林遠那邊忙的腳沾不得地,可楊峻齊的清閒就這麼來了。
他開始有功夫坐在辦公室裡慢慢喝枸杞水了。
保溫杯是新買的,之前那個掉地上摔癟了一塊,蘇晚說不好看,給他換了個新的,深灰色的,磨砂質感,擺在桌上看著挺沉穩。
他往裡面扔了十幾粒枸杞,兩顆紅棗,一小把桂圓乾,開水一衝,蓋緊蓋子燜一會兒,喝的時候甜絲絲的。
塗遠路過他辦公室門口的時候探頭看了一眼,看見他捧著保溫杯坐在椅子上看手機,臉上的表情那叫一個安詳。
“老楊,你今年貴庚?”塗遠靠在門框上,雙手插在白大褂的口袋裡,歪著頭看他。
“二十多歲!”楊峻齊頭都沒抬。
“說清楚!二十幾歲?”
“二十九也是二十幾,不對嗎?”
“二十九歲的人,六十一歲的養生。”塗遠嘖嘖了兩聲,“你看看林鎮長,天天忙得腳不沾地,你倒好,保溫杯裡泡枸杞,不知道的還以為你提前退休了。”
“老實說!你是不是年紀輕輕就不行了?”
楊峻齊抬起眼皮看了他一眼。
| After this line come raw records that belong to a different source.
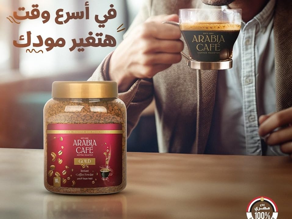 Arabia Café - قهوة سريعة التحضير من ارابيا كافيه في برطمان بلون ذهبي، 90 جرام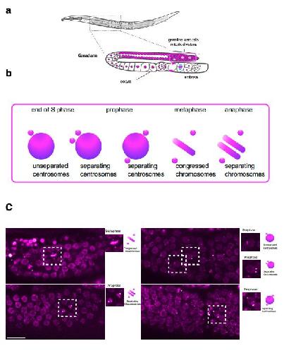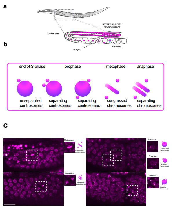 distal part of each gonad arm. Chromatin is represented in magenta, microtubules in cyan (b) Schematic representation of
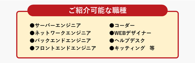サーバーエンジニアやネットワークエンジニアのほか、WEBデザイナーやヘルプデスクなど、ITにまつわる幅広い人材をクライアントにご紹介するシステムです。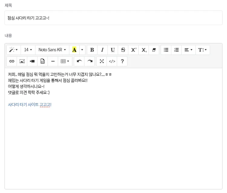 게시글 작성 후, 등록하기를 클릭하면 게시글이 등록됩니다.
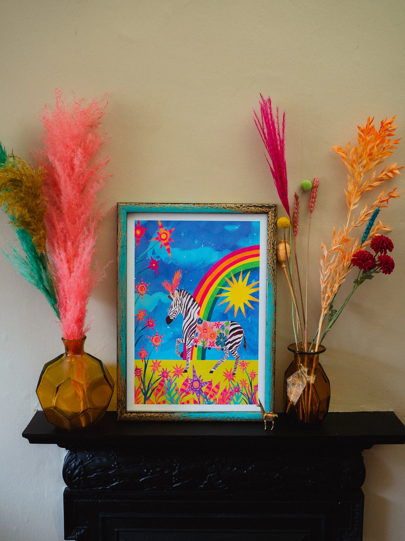 Zebra and Rainbow A3 Print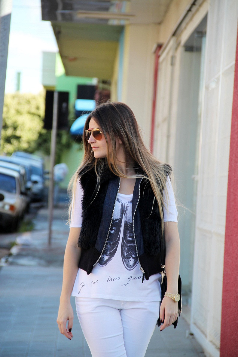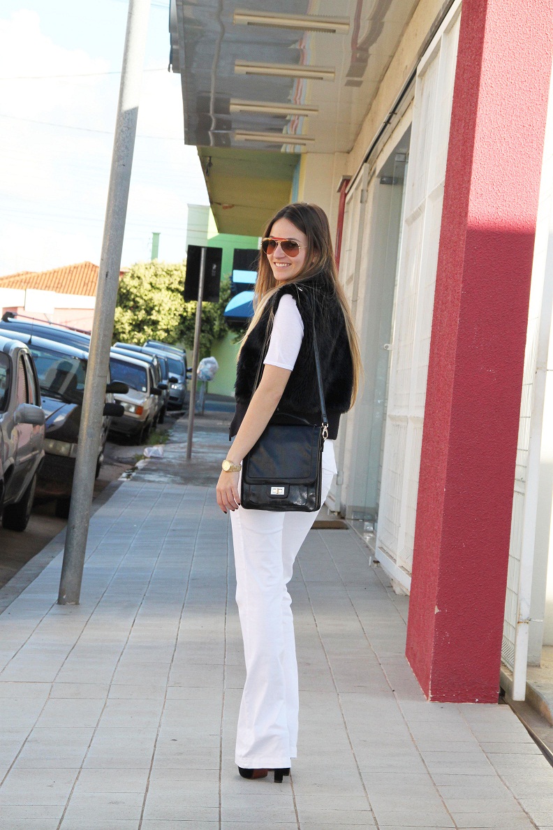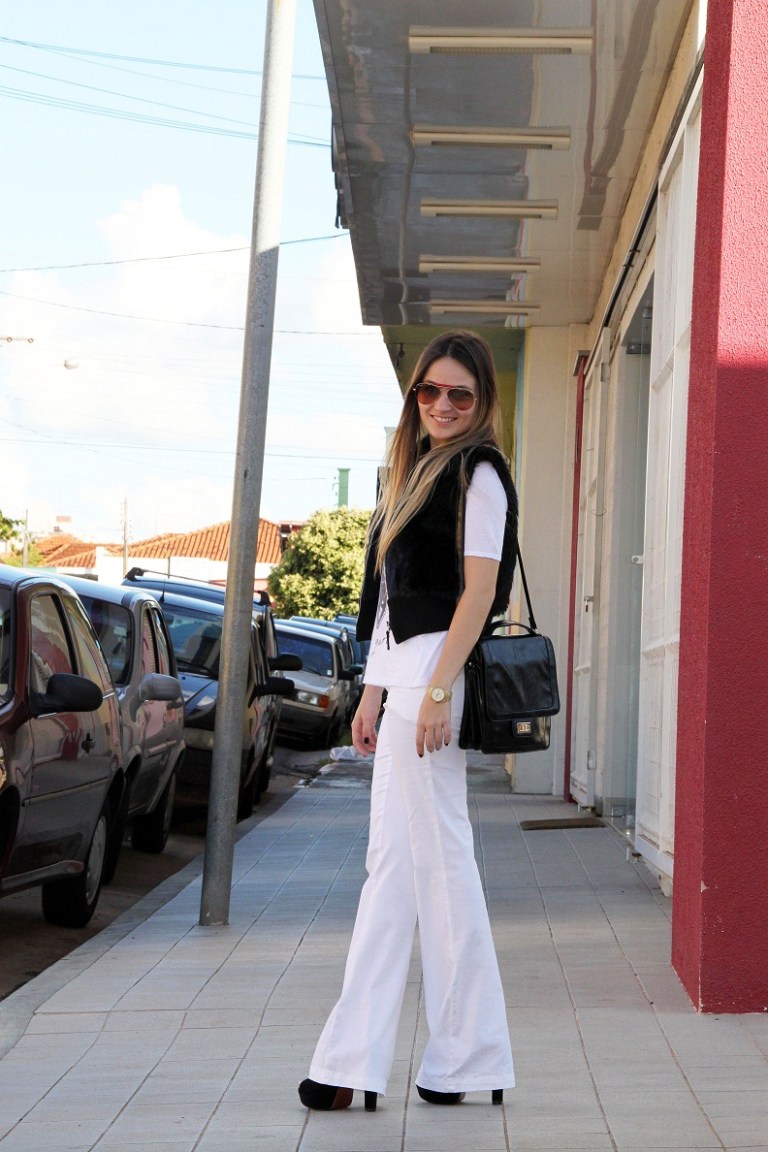 Essa semana o clima estava fresquinho, uma temperatura bem gostosa, usei esse look total white + colete de pelos para arrematar o visual.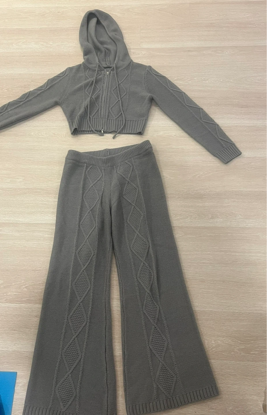 Cozy grey knit set featuring a cropped zip-up hoodie with a hood and matching flare pants. Both pieces have a cable knit pattern throughout. This two-piece outfit offers a relaxed yet stylish look. Perfect for casual wear or lounging! Size M for both.
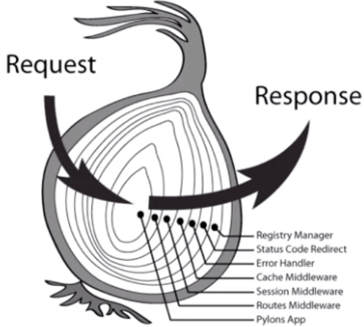 请求一层层的进入,一层层的退出,也就是说先进的后出,后进的先出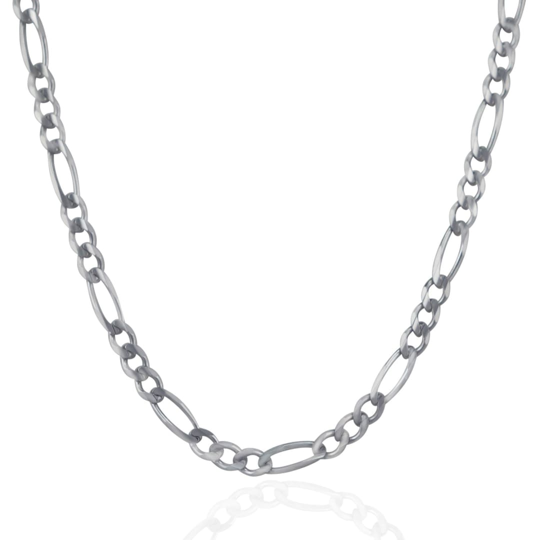 This solid Figaro chain comes in 14k white gold and has a width of 4.6 millimeters.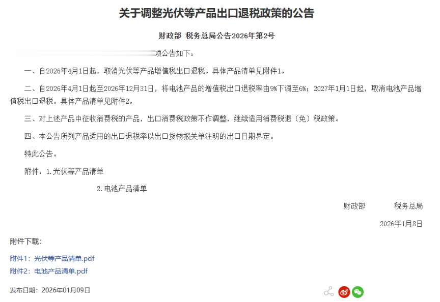 但这一缓冲垫,也正在消失。2026年1月9日,财政部、税务总局发布公告,自4月1日起取消光伏等产品增值税出口退税。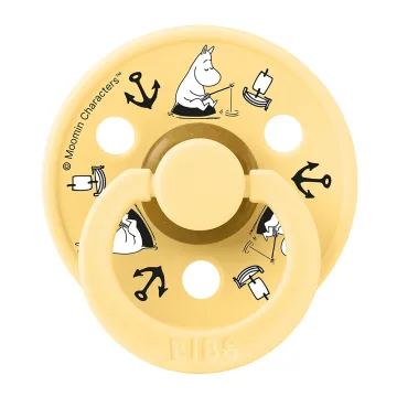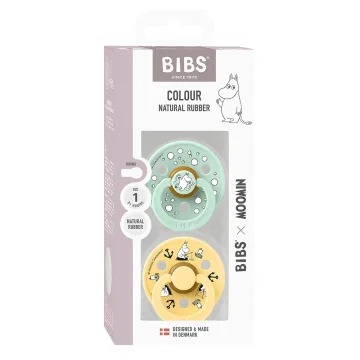 BIBS x Moomin Pacifier Colour Sailing Latex Nordic Mint Mix är den ursprungliga BIBS-nappen med motiv från Mumin. Kombinerar den ikoniska designen av nappen tillsammans med de uppskattade muminfigurerna som ger nappen personlighet och charm. Nappen har sin klassiska runda sköld med tre ventilationshål och rund sugdel i naturgummilatex som är flexibel och hållbar. BPA-fri och ftalatfri. Uppfyller Europastandard EN 1400+A2. 2 pack. Storlek: Size 1 passar för 0+ månader. Size 2 passar för 6+ månader.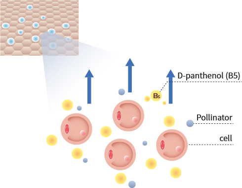 Panthenol locks the moisture factor of skin cells, and acts as a protective barrier by converting to vitamin B5, the moment it

“嘿!我強的可怕!你這是嫉妒?”
“我嫉妒個屁,再強也無用武之地!”塗遠走進來,一屁股坐在對面的椅子上,翹起二郎腿,“我就是好奇,你這個人到底有沒有著急的時候?鋼筋穿胸你都不急,你是不是沒有腎上腺激素?”
楊峻齊想了想,認真地回答:“有,但用在該用的地方。”
塗遠盯著他看了三秒鐘,然後站起來走了,走到門口又回頭說了一句:“康養中心後天開業,張姐讓我問你,你去不去揭牌?”
楊峻齊放下手機。“去。”
塗遠走了,走廊裡傳來他的腳步聲,還有一句自言自語,楊峻齊沒聽清,但大概能猜到不是什麼好話。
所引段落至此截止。